Si bien Rulfo moriría poco después del sismo del 85, quisiera suponer que se enteró de la participación solidaria de la gente. Hoy como ayer los ejemplos abundan, como el de la ferretería Materiales del Parque, (ubicada en plena colonia Condesa, una de las zonas más dañadas) que se puso a entregar gratuitamente toda su mercancía a los rescatistas: palas, lámparas, montones de pilas, herramientas varias…

Sin embargo, ésta tampoco queda indemne en el relato. En lugar de recoger escombros se pone  hacer algo realmente significativo, como preparar un banquete para el gobernador y su caterva de adulones.

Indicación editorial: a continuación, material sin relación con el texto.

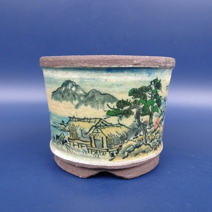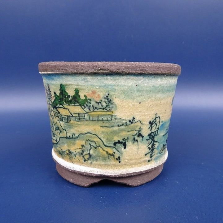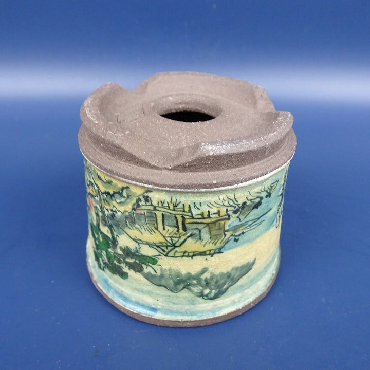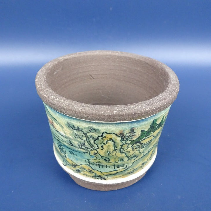 中古盆栽鉢 陶翠 小鉢 長辺 約7.4cm 丸鉢 外縁 色絵 山水図 中古鉢 r1198410257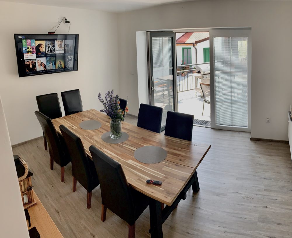 Nabízíme ubytování ve vinařské obci Kobylí na jižní moravě. K pronájmu je CELÝ DŮM (max. 14 osob) pro maximum soukromý, nebo APARTMÁN (max. 6 osob). DŮM má 3 ložnice vždy s nezávislým vstupem a vlastní koupelnou, plně zařízenou kuchyň, velkou společenskou místnost, saunu. APARTMÁN má vlastní vstup, ložnici, obývací pokoj, kuchyň, koupelnu a vlastní terasu, je klimatizováno. Vše je nové, moderní, čisté.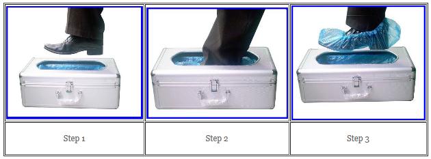 使用方法:首先由人工将鞋套安装进鞋套机内,使用时只需要使用者抬脚在鞋套机内轻轻踩踏一下,就会有一只鞋套套到脚上,简单方便.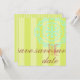 Kühne, chartreuse vertikale Streifen auf der Vorder- und Rückseite mit einem blauen Design auf der Vorderseite dieses Gerettet Day Template helfen eine kühne, farbenfrohe Ankündigung für Ihren besonderen Tag, genießen!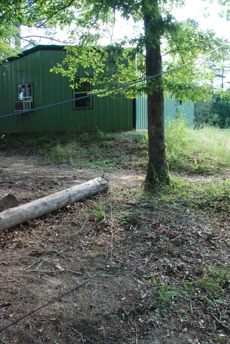 The antenna is almost invisible amongst the trees in this photo. The antenna's location is about 200 feet (61.2 Meters) away from the ham shack and slightly downhill from the ham shack. The coax cable from the antenna to the ham shack is simply laid on the ground and left there. RG-6 is cheap, so if it gets damaged, it is simple to replace it. The cable runs from the antenna up the hill to the left and then on to the ham shack.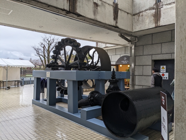 地下一階にはベルトをかけて発電機を回して電気を生み出していたペルトン式水車などの屋外展示も。さらにはテラスが広がり、春と秋の期間限定でそすいカフェも営業しています。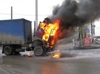 Кабина фуры сгорела полностью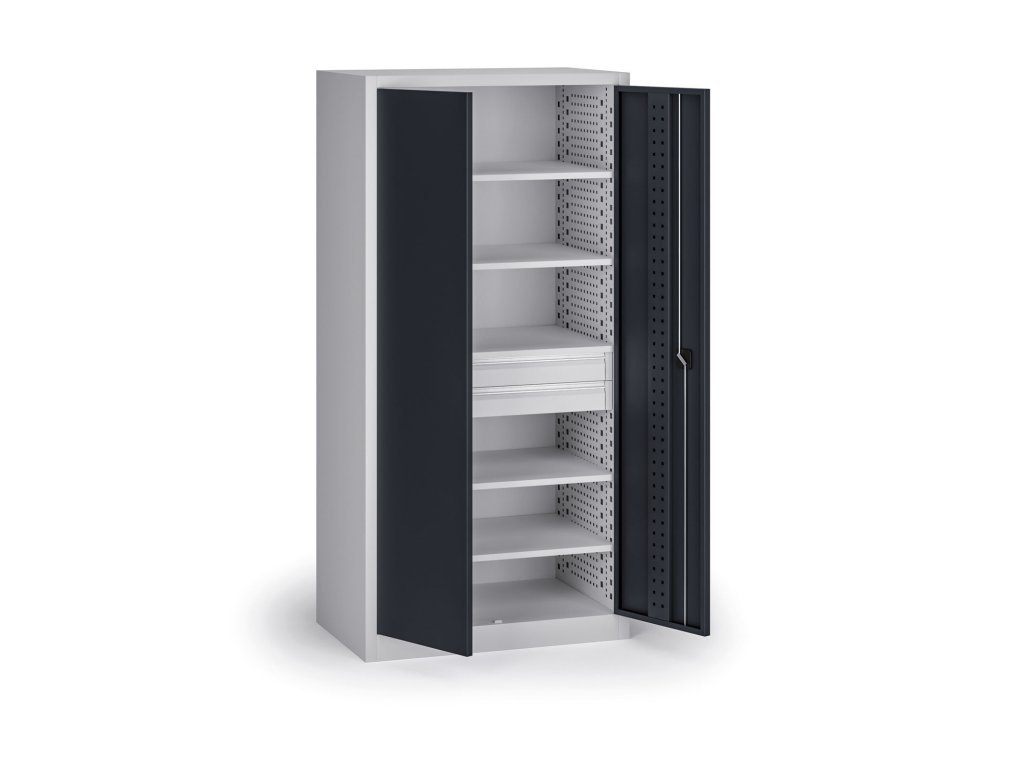 Policová dílenská skříň na nářadí KOVOS, perforovaný panel, 5 polic, 2 zásuvky, 950 x 600 x 1950 mm, grafit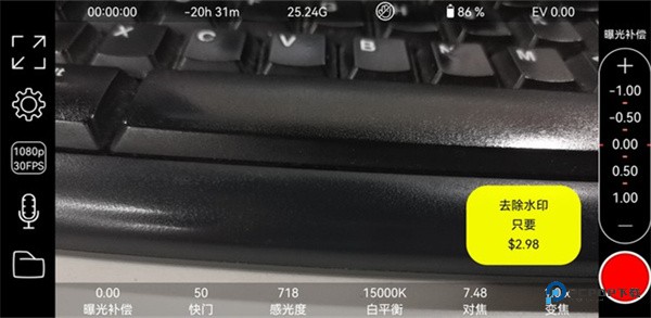 4、在下面和右边还具有拉动功能的全面手动控制:曝光-快门速度-对焦-感光度等等。

El costo de la comilona es elevado para esta gente de por sí empobrecida: «Oye, Melitón, ¿como cuánto dinero nos costó darles de comer a los acompañantes del gobernador?». Ante esto, uno no puede dejar de pensar en el gasto excesivo y estéril del Estado, que se va en sueldazos, prestaciones, corruptelas…Mientras tanto en el banquete pasa de todo: alimento y baile; música y alcohol. Hasta un “catrín” se avienta un discurso incomprensible y zalamero que por suerte es interrumpido a balazos.

En fin, Juan Rulfo nos cuenta que el gobernador, sin importar que ya ha usado el salero, se lo guarda en la bolsa de la camisa. Luego, con toda la elegancia digna de la Francia, se limpia los dedos no con la servilleta, sino con los calcetines. ¿Hay mejor alegoría del sistema político, que padecemos como si fuera otro sismo permanente?